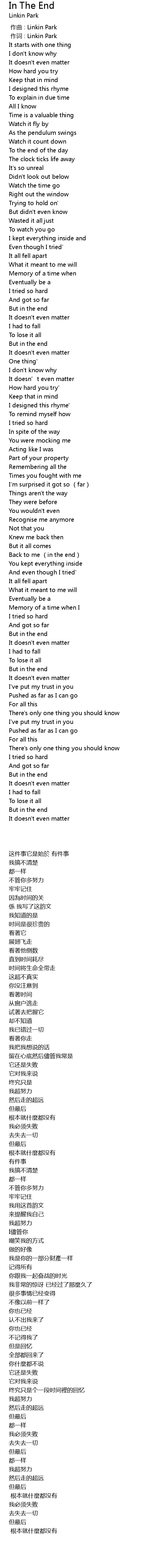 | [00:01.00] | 作词 : Linkin Park |
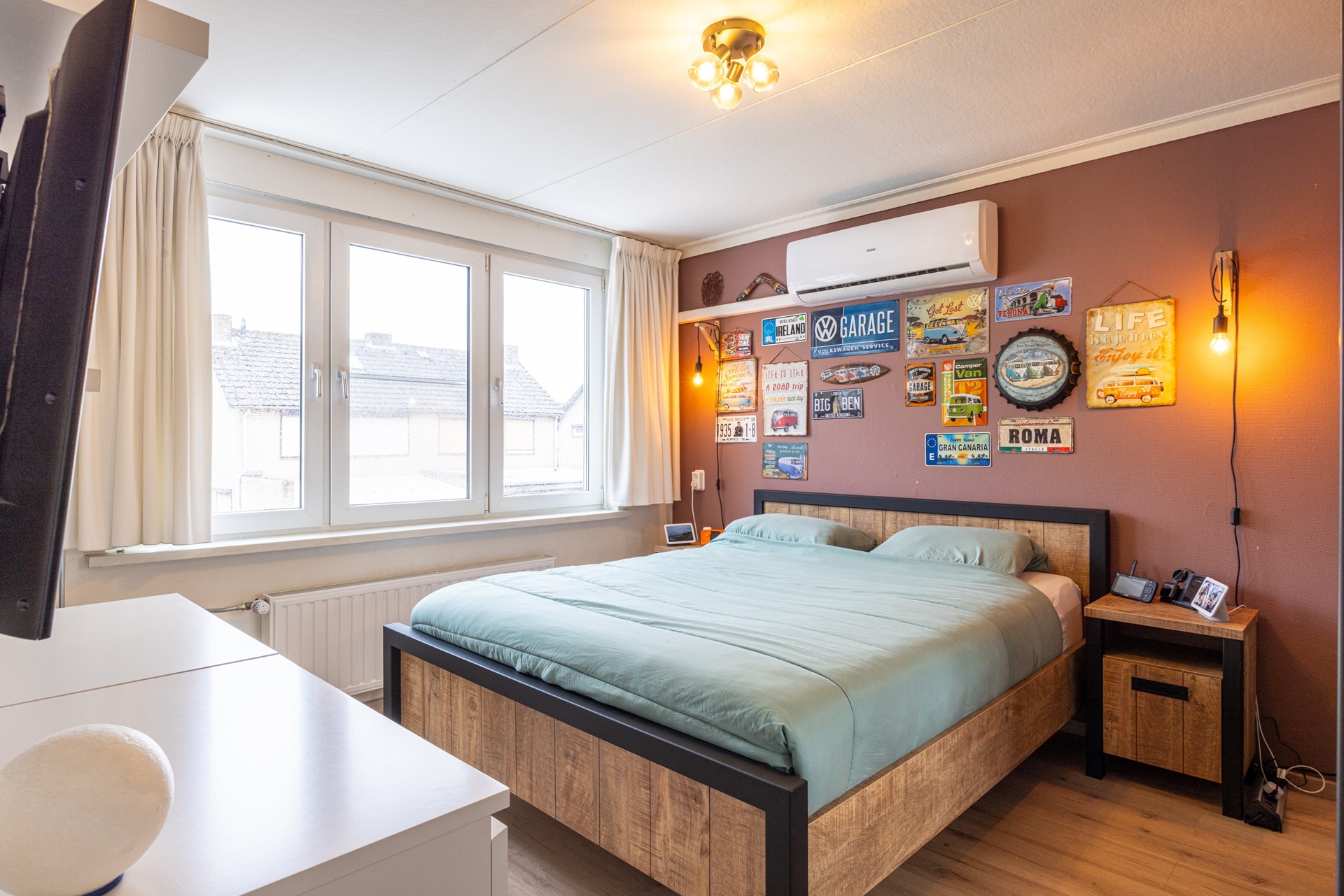 De hoofdslaapkamer aan de achterzijde beschikt over airconditioning, waardoor je hier in elk seizoen lekker kunt slapen. De andere twee kamers zijn ideaal te gebruiken als kinderkamer, werkplek of hobbyruimte.
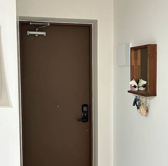현관문은 필름 작업으로 진행했는데 베이지톤 타일과 잘 어울리는 컬러는 브라운이 딱이라고 생각했어요! 차분하고 딥한 브라운 톤이라 원목 거울과 통일감이 느껴지고 도어스토퍼를 사용하면서 나는 신발자국들도 티가 많이 안 나서 좋은 것 같아요.
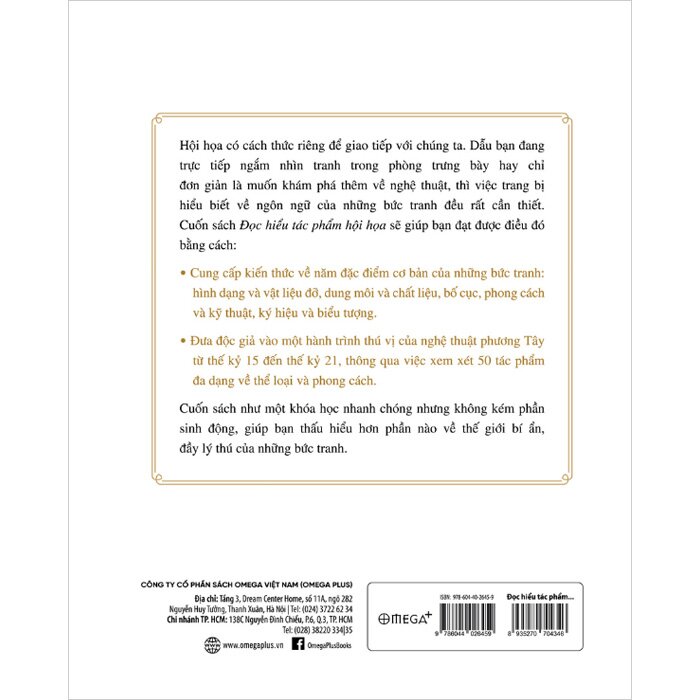 Đọc Hiểu Tác Phẩm Hội Họa - Khám Phá Ngôn Ngữ Biểu Đạt Cơ Bản Nhất Của Hội Họa Đúng với tính chất của một khóa học nhanh hay một “dẫn nhập” (crash course), cuốn sách “Đọc hiểu tác phẩm hội họa” đóng vai trò như một khóa học nhanh chóng, nhưng cũng không kém phần sinh động, cung cấp hiểu biết cơ bản về hội họa phương Tây, trong dung lượng tương đối nhỏ. Độ cô đọng và súc tích cao của văn phong trong cuốn sách giúp độc giả nhanh chóng nắm được những nội dung trọng tâm nhất.
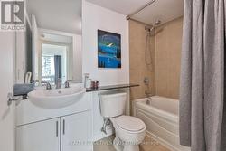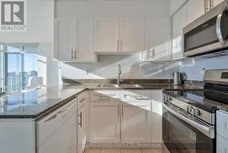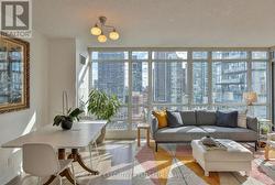 Welcome to this spectacular high-floor corner suite in the heart of downtown Toronto. Framed by floor-to-ceiling windows, the home offers sweeping city views and a thoughtfully designed layout with 2 bedrooms, and 2 4-pc bathrooms, and corner balcony. The open-concept kitchen is bright, with white cabinetry, new stainless range, refrigerator and over the range microwave, functional layout with generous storage, while the large den provides the perfect flexible space for work or study. This owner occupied residence includes 1 owned parking spot and 1 locker, and grants access to an impressive collection of amenities: 24-hour concierge, state of the art fitness center currently being updated, indoor pool with hot tub, sauna, multi sport court for basketball, badminton or volleyball, cinema, billiards room, party room, rooftop garden with BBQ terrace, hair salon, guest suites and visitor parking. With all utilities and even cable TV included in the maintenance fees, this is a true turnkey opportunity. Steps to shops and restaurants, The Well, public transit, CN Tower, Rogers Centre and Scotiabank Arena, Financial and Entertainment Districts, and Harbourfront, this address embodies the best of sophisticated urban living. (id:27)
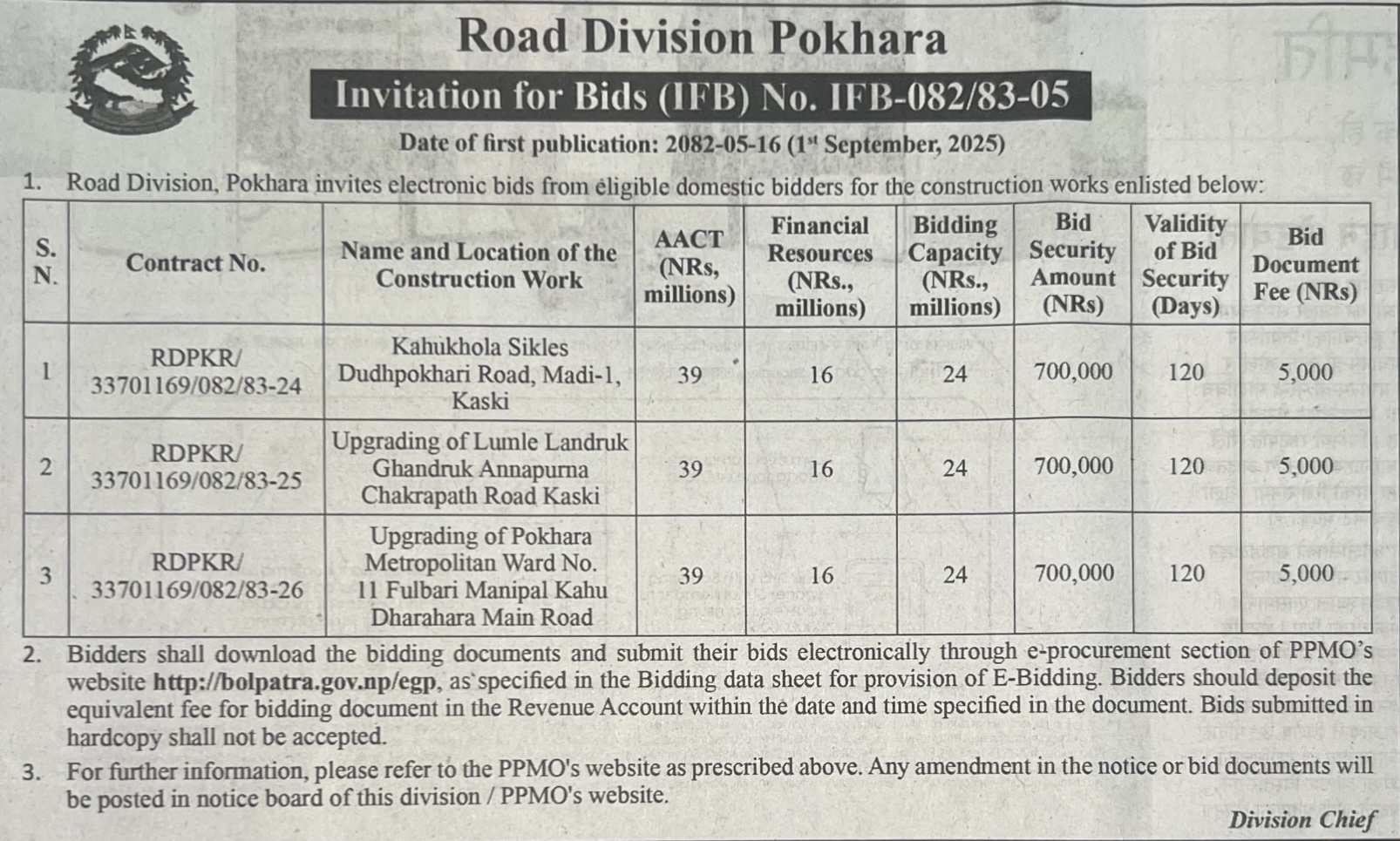 | 10 | 302 Division Road Office Pokhara | Upgrading of Road along Deurali-Phedi-Ramdi Maudanda-Fechok Rupa Ga.Pa.3,4,5 and Idi 4 chok, Kaski.; RDPKR/33701169/082/83-23 | 31/08/2025 | PPMO | 05/10/2025 | Click Here | |
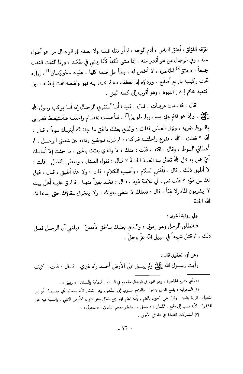 قال: فأفش السلام، وأطيب الكلام، قلت: ولا هذا أطيق، قال: فهل لك من ذود؟ قلت: نعم، لي ثلاثة ذود، قال: فخذ بعيراً منها، فاسق عليه أهل بيت لا يشربون الماء إلا غباً، قال: فلعلك لا ينضى بعيرك، ولا ينخرق سقاؤك حتى يدخلك الله الجنة. وفي رواية أخرى: فانطلق الرجل وهو يقول: والذي بعثك بالحق لأفعلن. فبلغني أن الرجل فعل ذلك، ثم قتل شهيداً في سبيل الله عز وجل. وعن أبي الطفيل قال: رأيت رسول الله صَلَّى اللهُ عَلَيْهِ وَسَلَّمَ ولم يبق على الأرض أحد رآه غيري. قال: قلت: كيف
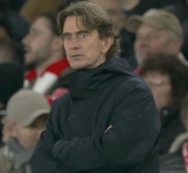 其实比赛开场后第3分钟的一次配合,就展示出了阿森纳比赛取胜欲望之高以及整体套路完备,埃泽在10号位站着、由边路的队友给到传球之后,阿森纳数人包抄到禁区之中制造威胁。而埃泽用一个非常巧妙的挑传、给到了队友的抽射。虽然被维卡里奥扑出,不过却证明了两队状态差别。弗兰克弟子们只有奋力堵抢眼的资格,却很难打出反制。

- - - -

» **What to do**
Begin at the line in the entries above that has "현관문은 필름 작업으로", stop after the line that has "Đọc Hiểu Tác Phẩm Hội Họa - Khám", and output exactly those lines without pictures.

» **Written solution**
현관문은 필름 작업으로 진행했는데 베이지톤 타일과 잘 어울리는 컬러는 브라운이 딱이라고 생각했어요! 차분하고 딥한 브라운 톤이라 원목 거울과 통일감이 느껴지고 도어스토퍼를 사용하면서 나는 신발자국들도 티가 많이 안 나서 좋은 것 같아요.
 Đọc Hiểu Tác Phẩm Hội Họa - Khám Phá Ngôn Ngữ Biểu Đạt Cơ Bản Nhất Của Hội Họa Đúng với tính chất của một khóa học nhanh hay một “dẫn nhập” (crash course), cuốn sách “Đọc hiểu tác phẩm hội họa” đóng vai trò như một khóa học nhanh chóng, nhưng cũng không kém phần sinh động, cung cấp hiểu biết cơ bản về hội họa phương Tây, trong dung lượng tương đối nhỏ. Độ cô đọng và súc tích cao của văn phong trong cuốn sách giúp độc giả nhanh chóng nắm được những nội dung trọng tâm nhất.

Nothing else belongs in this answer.